International career
- 2000–2001: Ghana / 8 / (0)

= Issah Mohammed =

Ghana footballer (born 1980)

Issah Mohammed (born 20 December 1980) is a Ghanaian former professional footballer who played as a forward. Emerging as a prolific striker with Sekondi Hasaacas F.C. in the Ghana Premier League, he was called up to the Ghana national football team and earned eight cups between 2000 and 2001.
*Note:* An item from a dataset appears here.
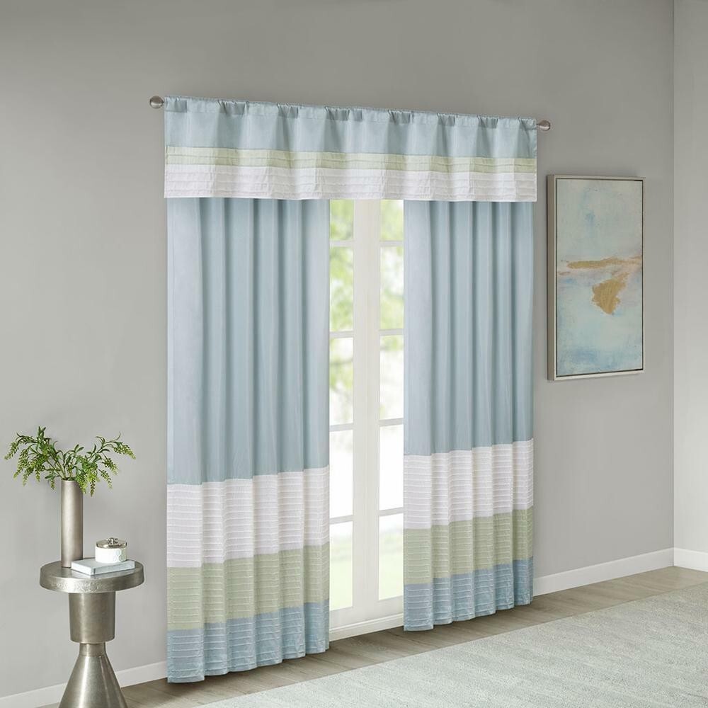 MADISON PARK AMHERST SINGLE PANEL FAUX SILK ROAD POCKET CURTAIN New received from Macy's, but was not in original packaging but in a plastic bag. Excellent Condition FEATURES 50'' x 84'' Color block design Pintuck detailing Rod pocket or back tabs Fits up to 1.25-inch diameter rod Fully lined GENERAL INFORMATION Polyester polyoni Polyester lining Machine wash Number of Panels: 1 Features: Energy Saving Top Construction: Rod Pocket Top Opening: 3" Rod Pocket Fabric Content: 100% Polyester Fabric Description: Microfiber Lining: Fully Lined Lining Material: Polyester Light Filtration: Light-Filtering Care: Machine Wash NOTE: I always try to be as accurate in details as possible. However, colors may appear slightly different as because computer monitors are set differently. The true color of these curtains are a seafoam green, light lime green and ivory, not white. The panel also has a light shimmer as in a semi-satin material. When I tried to take pictures of the panels, it also turned out blue as the stock pictures show and no matter how I adjusted the colors/lightness it still turned out blow. So I posted color swatches as close to the colors as possible. Again, it depends on your monitor settings. If you have any questions, please don't hesitate to contact me. FEEDBACK Your Satisfaction Is My #1 Priority! If you are satisfied with your item, please provide positive feedback. But, if you are not fully happy with with the item you received, such as item damaged during shipping, delayed delivery, etc. PLEASE CONTACT ME FIRST before leaving feedback and we will work together to resolve the problem. Thank You! Tina

In 2002, Mohammed joined IFK Norrköping in Sweden’s Allsvenskan, where he made an immediate impact by scoring twice in a pre-season friendly against AIK and was regarded as a highly promising signing. Despite this early promise, his opportunities became limited following a coaching change, and his career later included spells with Hearts of Oak and Hapoel Bnei Lod in Israel. He returned to Sweden in 2008 after his time in Israel and played Division 3 football.

== Club career ==
=== Early career ===
Mohammed began his career in Ghana with Sekondi Hasaacas, competing in the Ghana Premier League. Between 2000 and 2001 he gained recognition as a prolific striker, scoring multiple goals that earned him attention from both the national team and European clubs.

=== IFK Norrköping ===
In February 2002, Mohammed signed a three-year contract with Swedish club IFK Norrköping, a move confirmed by UEFA. He impressed in pre-season, scoring twice in a friendly against AIK. Mohammed went on to play 11 Allsvenskan matches, scoring one goal during the 2002 season.

However, after the dismissal of head coach Bengt-Arne Strömberg, his successor Håkan Ericson was reported by Ghanaian media to have shown less confidence in Mohammed, which limited his playing opportunities.
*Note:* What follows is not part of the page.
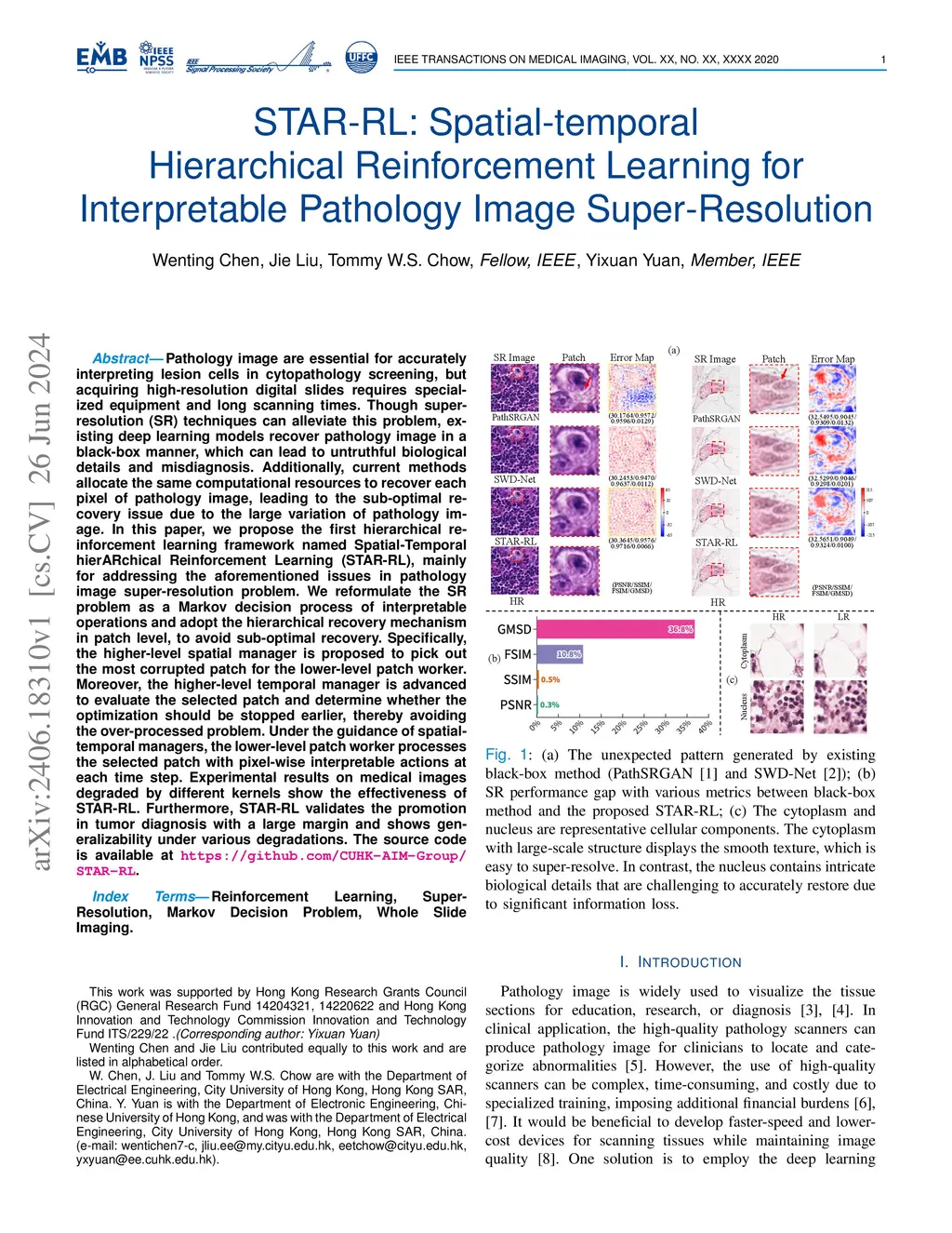 Pathology image are essential for accurately interpreting lesion cells in cytopathology screening, but acquiring high-resolution digital slides requires specialized equipment and long scanning times. Though super-resolution (SR) techniques can alleviate this problem, existing deep learning models recover pathology image in a black-box manner, which can lead to untruthful biological details and misdiagnosis. Additionally, current methods allocate the same computational resources to recover each pixel of pathology image, leading to the sub-optimal recovery issue due to the large variation of pathology image. In this paper, we propose the first hierarchical reinforcement learning framework named Spatial-Temporal hierARchical Reinforcement Learning (STAR-RL), mainly for addressing the aforementioned issues in pathology image super-resolution problem. We reformulate the SR problem as a Markov decision process of interpretable operations and adopt the hierarchical recovery mechanism in patch level, to avoid sub-optimal recovery. Specifically, the higher-level spatial manager is proposed to pick out the most corrupted patch for the lower-level patch worker. Moreover, the higher-level temporal manager is advanced to evaluate the selected patch and determine whether the optimization should be stopped earlier, thereby avoiding the over-processed problem. Under the guidance of spatial-temporal managers, the lower-level patch worker processes the selected patch with pixel-wise interpretable actions at each time step. Experimental results on medical images degraded by different kernels show the effectiveness of STAR-RL. Furthermore, STAR-RL validates the promotion in tumor diagnosis with a large margin and shows generalizability under various degradations. The source code is available at https://github.com/CUHK-AIM-Group/STAR-RL.

In September 2002 IFK Norrköping club doctor Jan Ericson reported that Issah had sustained a career threatening knee injury requiring months of rehabilitation which consequently ended his career in the club.

=== Return to Ghana ===
After his spell in Sweden, Mohammed returned to Ghana, rejoining Sekondi Hasaacas in 2003. He later joined Hearts of Oak in 2005, making a handful of appearances.

=== Hapoel Bnei Lod ===
In 2007, Mohammed signed with Israeli club Hapoel Bnei Lod, then playing in Liga Leumit, the country’s second division. His tenure in Israel during the 2007–08 season marked his final documented professional club experience.

=== Return to Sweden ===
In August 2008, Mohammed returned to Sweden and joined local side Assyriska Föreningen i Norrköping in Division 3. He made an immediate impact: Swedish local media reported three goals in his first four matches and five goals in five appearances during the promotion push that autumn. He had initially come in to keep fit and was quickly registered to play; local coverage credited him with two goals in his first two outings for the club. A short-stay visa meant his initial stint ended in early September 2008, but he returned for the 2009 season and continued to feature and score in Division 3 matches, including against Vimmerby IF. Match records also show him involved in further league fixtures that year, such as the 2–1 win over IK Östria Lambohov on 12 June 2009.

== International career ==
Mohammed was capped for the Ghana national football team between 2000 and 2001, making eight FIFA-recognized appearances without scoring. He participated in both 2002 FIFA World Cup qualification (CAF) matches and Africa Cup of Nations qualification fixtures, as well as several friendlies.